A friend of mine asked if I would write an article for her MOPS newsletter this week. She asked that I write about our story with Bennett and what we've learned. It brought back some yucky feelings I had but good to see how far we've come....
As I sat in the patient room waiting for the doctor to come in, I knew something was wrong. It was taking much longer than it usually did and I began to worry. I was 17 weeks pregnant and up until this point things had gone well. That was until 24 hours before when I realized some test results never came back in the mail like they should have when all was "normal". As I sat there watching the door handle and waiting to hear the rustling of my chart, I envisioned a little girl. I had no idea yet what we were having but I was sure it was a girl. She was wearing a dress that matched her big sister but she didn't look like them and something was very, very wrong...she had Down syndrome.

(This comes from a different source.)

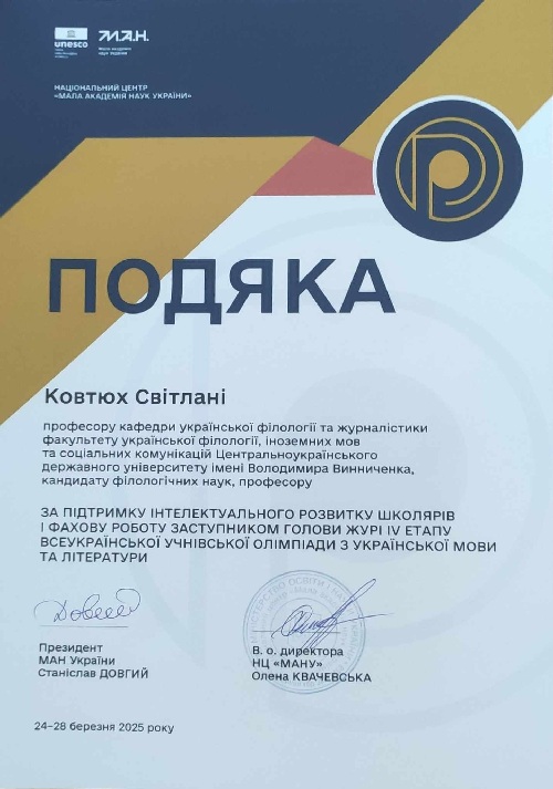 С. Л. Ковтюх – заступник голови журі IV етапу Всеукраїнської учнівської олімпіади з української мови та літератури

The doctor finally came in and after too much small talk, my biggest fear was confirmed. The test results did not come back normal and the probability of my baby having Down syndrome was very high. During the next few days further testing was done and on December 26, 2008 we found out through an amniocentesis that we would be having a little boy and he in fact had Down syndrome. He also had a major heart defect that would require surgery.
That day was one of the worst days of my life. I felt like the perfect baby we were supposed to be having was taken away from us. So many terrible thoughts went through my head. For a brief minute I thought to myself-
maybe he won't survive, maybe his heart defect is too big to fix, maybe that would be for the better. Having a child with special needs was NOT in my big life plan after all. I did not sign up for it and really wanted no part of it. I knew we had options, which thinking back now brings me to tears because although I would have never ended the pregnancy, it's estimated that 9 out of 10 women do. 9 out of 10 women didn't want the baby I was going to have.
Where was God in all of this? I felt like he left us to sift through this huge mess. Did he just let our baby have Down syndrome and now he wasn't going to help us out? As the weeks went on I would think how did this happen to me? I was a college athlete, did well in school, I was healthy. Things came pretty easy to me and that's how it was supposed to be for my children...
PRIDE. I would see other pregnant women glowing, knowing nothing was wrong with their baby, all would be perfect for them....
JEALOUSY. I would read the statistics about children with Down syndrome and clinch my fists....
ANGER. And then I would see an adult with Down syndrome walking around in the store with most likely their elderly parent....
SADNESS. All these feelings:
pride, jealousy, anger, and
sadness came to me and I couldn't understand why God was allowing all of this. Why would he bring me such terrible feelings from a little baby I was about to have?
I had 5 months to prepare for this baby and in those 5 months I prayed a lot. I began to realize that these feelings were not from God. God isn't about pride, jealousy, anger or sadness. He's about love. And once I saw that
my life plan was never really in my hands but in God's hands, I saw that this baby must be part of a much greater plan than mine.
"For I know the plans I have for you," declares the Lord," plans to prosper you and not to harm you, plans to give you hope and a future."
Jeremiah 29:11
And then I realized that God didn't just let Down syndrome happen. He made my son carefully just like he made my daughters but with a little something extra;)
"You made all the delicate, inner parts of my body and knit me together in my mother's womb,"
Psalm 139:13
In God's eyes my son was perfection. He made him just the way He wanted to make him.
Bennett is now 2 years old. He has a fixed heart and is healthy as can be. In the 2 years that he's been with us, he's brought us more joy than we could have ever imagined. Never in a million years would I have thought having a son with Down syndrome would be such an amazing thing. I feel like I've been given this little gift! God gave us this beautiful little person to love and to cherish. Through Bennett we've learned to be more accepting towards others that are different from us. We learned a whole lot of patience. We've learned to let go of our plans and give everything over to God. We've learned to not sweat the small stuff. We've learned that Bennett was made perfect in God's image and that we wouldn't change one thing about him.
Raising a child with special needs is hard, there's no doubt about it. But the joy and love you experience is indescribable. It's something I never thought I wanted, until I had it. To think that so many women choose to not let these precious babies come into the world. If they only knew the love that would come from it.
If they only let go of their plans and let God step in.
Adrienne is the wife to Mike and mother to three: Ainsley (7), Harper (4) and Bennett (3)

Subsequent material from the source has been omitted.